- Title card since 2026
- Also known as: AOS; AyOS;
- Genre: Variety show
- Written by: Rommel Gacho (since 2020); Vincent de Jesus (2020); Mcoy Fundales (2020–24);
- Directed by: Miguel "Miggy" Tanchanco
- Creative directors: Caesar Cosme (2020–24); Rommel Gacho;
- Presented by: Alden Richards (2020–23); Julie Anne San Jose; Rayver Cruz; Ken Chan; Rita Daniela; Gabbi Garcia (2020–23); Christian Bautista; Aicelle Santos (2020–23); Mark Bautista; Glaiza de Castro (2020–23); Paolo Contis (2020–23); Betong Sumaya (2020–23); Miguel Tanfelix; Derrick Monasterio; Migo Adecer (2020–21); Kyline Alcantara; Cassy Legaspi (2020–21); Mavy Legaspi (2020–23); Lexi Gonzales; Garrett Bolden; Golden Cañedo (2020–21); Thea Astley; Jeremiah Tiangco; Jong Madaliday (2020–21); Joaquin Domagoso (2020–23); Kim de Leon (2020–23); Shayne Sava (2020–23); Vince Crisostomo (2020–23); Radson Flores (2020–23); Karl Aquino (2020); Abdul Raman (2020–22); Kakai Bautista (2020–23); Boobay (2020); Super Tekla (2020); Allen Ansay; Ysabel Ortega (since 2021); Sofia Pablo (since 2021); Jessica Villarubin (since 2021); Hannah Precillas (since 2021); Sanya Lopez (since 2022); Mariane Osabel (since 2022); Zephanie (since 2022);
- Narrated by: Thea Astley (since 2021)
- Opening theme: "All-Out Sundays"
- Ending theme: "All-Out Sundays"
- Country of origin: Philippines
- Original language: Tagalog

Production
- Executive producers: Paul Lester M. Chia (2020–24); Reylie Manalo (2020–24); Aileen Victoria Tandang (since 2024);
- Production locations: Studio 7, GMA Network Studios Annex, Quezon City, Philippines
- Camera setup: Multiple-camera setup
- Running time: 90–150 minutes
- Production company: GMA Entertainment Group

Original release
- Network: GMA Network
- Release: January 5, 2020 – present

= All-Out Sundays =

Philippine television variety show

All-Out Sundays (also known as AOS or AyOS) is a Philippine television variety show broadcast by GMA Network. Directed by Miguel "Miggy" Tanchanco, it was originally starred by Alden Richards, Julie Anne San Jose, Rayver Cruz, Ken Chan, Rita Daniela, Gabbi Garcia, Christian Bautista, Aicelle Santos, Mark Bautista, Glaiza de Castro, Paolo Contis, Betong Sumaya, Miguel Tanfelix, Derrick Monasterio, Migo Adecer, Kyline Alcantara, Cassy Legaspi, Mavy Legaspi, Lexi Gonzales, Garrett Bolden, Golden Cañedo, Thea Astley, Jeremiah Tiangco, Jong Madaliday, Joaquin Domagoso, Kim de Leon, Shayne Sava, Vince Crisostomo, Radson Flores, Karl Aquino, Abdul Raman, Kakai Bautista, Boobay and Super Tekla. It premiered on January 5, 2020, on the network's Sunday Grande sa Hapon line up. San Jose, Cruz, Chan, Daniela, Christian Bautista, Mark Bautista, Tanfelix, Monasterio, Alcantara, Gonzales, Bolden, Astley, Sanya Lopez, Ysabel Ortega, Sofia Pablo, Allen Ansay, Zephanie, Michael Sager, Sean Lucas, Patrick Quiroz, John Rex Baculfo, Mariane Osabel, Jessica Villarubin and Hannah Precillas currently serve as the cast.

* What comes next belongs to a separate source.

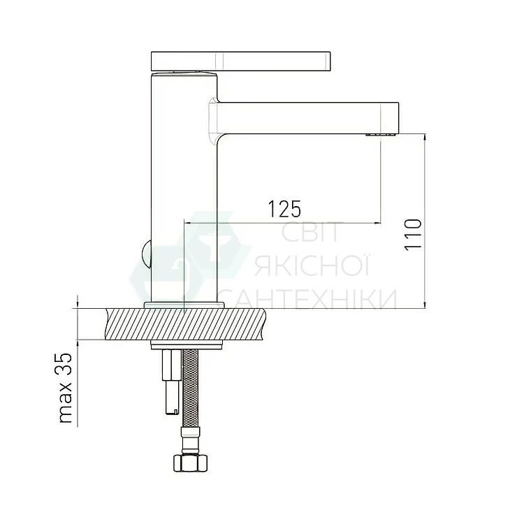 Комплектація: змішувач, комплект кріплення на шпильці, шлаги підведення води 600 мм, G1/2 - 2 шт., Сервісний ключ (ключ для викрутки аератора)

The show is originally titled as All-Out Sunday. It is streaming online on YouTube, Facebook and TikTok.

==Overview==
All-Out Sundays is under the direction of Miguel "Miggy" Tanchanco. The creative team is composed of creative directors, Caesar Cosme and Rommel Gacho. The latter is also the headwriter, along with Mcoy Fundales. Rem Zamora served as the stage director.

The cast from the variety shows Sunday PinaSaya and Studio 7, along with the winners and contestants of the reality competition show The Clash, were carried over to join the show.

In March 2020, the admission of a live audience in the studio and production were suspended due to the enhanced community quarantine in Luzon caused by the COVID-19 pandemic. The show resumed through livestreaming on YouTube and Facebook as All-Out Sundays: The Stay Home Party. It resumed original television programming on July 12, 2020. The show returned to studio filming on September 27, 2020.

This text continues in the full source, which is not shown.